> [Problem requirements] Write out the following listing's lines from the one with "- Jumper Cable" to the one with "Two albums: Sweet", exactly, with both included and no others.

(Records shown begins)

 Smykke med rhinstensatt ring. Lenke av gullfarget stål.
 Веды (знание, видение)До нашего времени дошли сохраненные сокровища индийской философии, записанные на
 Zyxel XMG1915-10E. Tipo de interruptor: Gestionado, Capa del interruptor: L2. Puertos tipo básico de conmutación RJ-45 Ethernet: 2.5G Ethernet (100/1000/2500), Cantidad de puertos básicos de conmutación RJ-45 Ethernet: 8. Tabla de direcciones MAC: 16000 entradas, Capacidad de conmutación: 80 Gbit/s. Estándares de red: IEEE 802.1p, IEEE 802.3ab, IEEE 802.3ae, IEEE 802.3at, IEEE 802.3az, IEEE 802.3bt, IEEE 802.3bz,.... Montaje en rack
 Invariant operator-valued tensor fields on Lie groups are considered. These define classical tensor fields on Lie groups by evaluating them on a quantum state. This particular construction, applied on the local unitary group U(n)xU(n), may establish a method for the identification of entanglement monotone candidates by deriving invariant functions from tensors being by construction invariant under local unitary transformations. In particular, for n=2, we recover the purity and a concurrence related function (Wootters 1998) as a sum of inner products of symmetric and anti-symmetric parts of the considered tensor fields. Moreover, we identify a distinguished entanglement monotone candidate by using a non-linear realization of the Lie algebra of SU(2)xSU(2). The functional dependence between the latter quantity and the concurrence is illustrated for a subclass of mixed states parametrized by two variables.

(Records shown ends)
(Records shown begins)

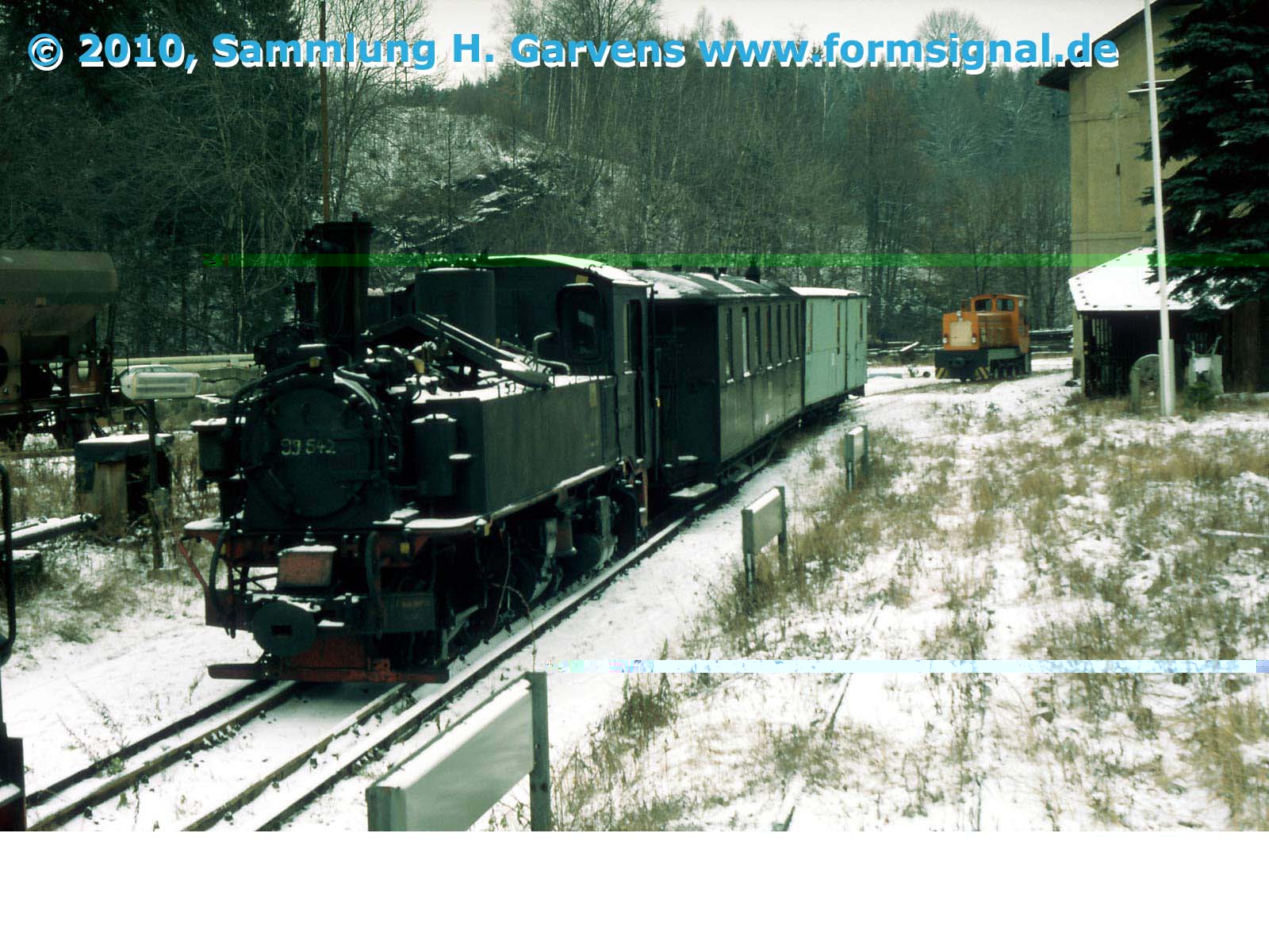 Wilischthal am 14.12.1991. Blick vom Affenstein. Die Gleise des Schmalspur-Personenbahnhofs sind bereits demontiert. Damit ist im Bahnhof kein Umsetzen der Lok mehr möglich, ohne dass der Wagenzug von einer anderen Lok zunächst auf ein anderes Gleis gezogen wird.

(Records shown ends)
(Records shown begins)

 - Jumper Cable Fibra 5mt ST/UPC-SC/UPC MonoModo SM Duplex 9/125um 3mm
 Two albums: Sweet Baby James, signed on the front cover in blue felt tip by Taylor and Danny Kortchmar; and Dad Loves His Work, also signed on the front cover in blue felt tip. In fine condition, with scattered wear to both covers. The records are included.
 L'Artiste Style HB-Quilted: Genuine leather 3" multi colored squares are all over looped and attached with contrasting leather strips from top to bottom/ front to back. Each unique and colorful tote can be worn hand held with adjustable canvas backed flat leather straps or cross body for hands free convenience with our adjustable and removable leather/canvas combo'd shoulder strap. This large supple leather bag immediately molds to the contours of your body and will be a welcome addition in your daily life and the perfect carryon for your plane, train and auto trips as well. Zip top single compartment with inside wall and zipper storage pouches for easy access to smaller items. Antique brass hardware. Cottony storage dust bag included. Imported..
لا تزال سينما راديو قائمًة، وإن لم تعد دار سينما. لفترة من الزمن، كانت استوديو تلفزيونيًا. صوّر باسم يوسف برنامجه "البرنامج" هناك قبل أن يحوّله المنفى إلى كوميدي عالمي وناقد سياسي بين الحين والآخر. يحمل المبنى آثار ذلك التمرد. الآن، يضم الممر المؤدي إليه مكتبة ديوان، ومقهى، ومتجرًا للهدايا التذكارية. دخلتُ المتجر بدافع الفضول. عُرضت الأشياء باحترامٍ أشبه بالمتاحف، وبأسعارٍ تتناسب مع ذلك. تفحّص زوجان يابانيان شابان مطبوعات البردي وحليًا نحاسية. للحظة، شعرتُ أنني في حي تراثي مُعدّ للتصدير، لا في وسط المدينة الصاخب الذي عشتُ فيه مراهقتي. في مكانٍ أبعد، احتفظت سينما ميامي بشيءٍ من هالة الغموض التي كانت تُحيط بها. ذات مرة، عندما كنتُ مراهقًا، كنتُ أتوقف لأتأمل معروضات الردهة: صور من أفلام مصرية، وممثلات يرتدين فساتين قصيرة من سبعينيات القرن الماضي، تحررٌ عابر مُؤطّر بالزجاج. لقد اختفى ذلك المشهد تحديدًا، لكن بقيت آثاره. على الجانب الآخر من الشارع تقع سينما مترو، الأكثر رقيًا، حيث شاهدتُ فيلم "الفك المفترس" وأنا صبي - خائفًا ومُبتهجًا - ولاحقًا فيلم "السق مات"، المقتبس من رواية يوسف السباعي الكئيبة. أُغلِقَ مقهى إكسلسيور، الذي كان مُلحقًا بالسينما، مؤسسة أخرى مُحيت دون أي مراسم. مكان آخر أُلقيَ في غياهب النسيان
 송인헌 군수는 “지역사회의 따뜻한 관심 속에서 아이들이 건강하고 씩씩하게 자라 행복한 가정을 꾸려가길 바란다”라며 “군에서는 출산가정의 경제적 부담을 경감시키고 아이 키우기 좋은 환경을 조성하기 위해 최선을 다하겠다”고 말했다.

(Records shown ends)

> [Exercise solution]
 - Jumper Cable Fibra 5mt ST/UPC-SC/UPC MonoModo SM Duplex 9/125um 3mm
 Two albums: Sweet Baby James, signed on the front cover in blue felt tip by Taylor and Danny Kortchmar; and Dad Loves His Work, also signed on the front cover in blue felt tip. In fine condition, with scattered wear to both covers. The records are included.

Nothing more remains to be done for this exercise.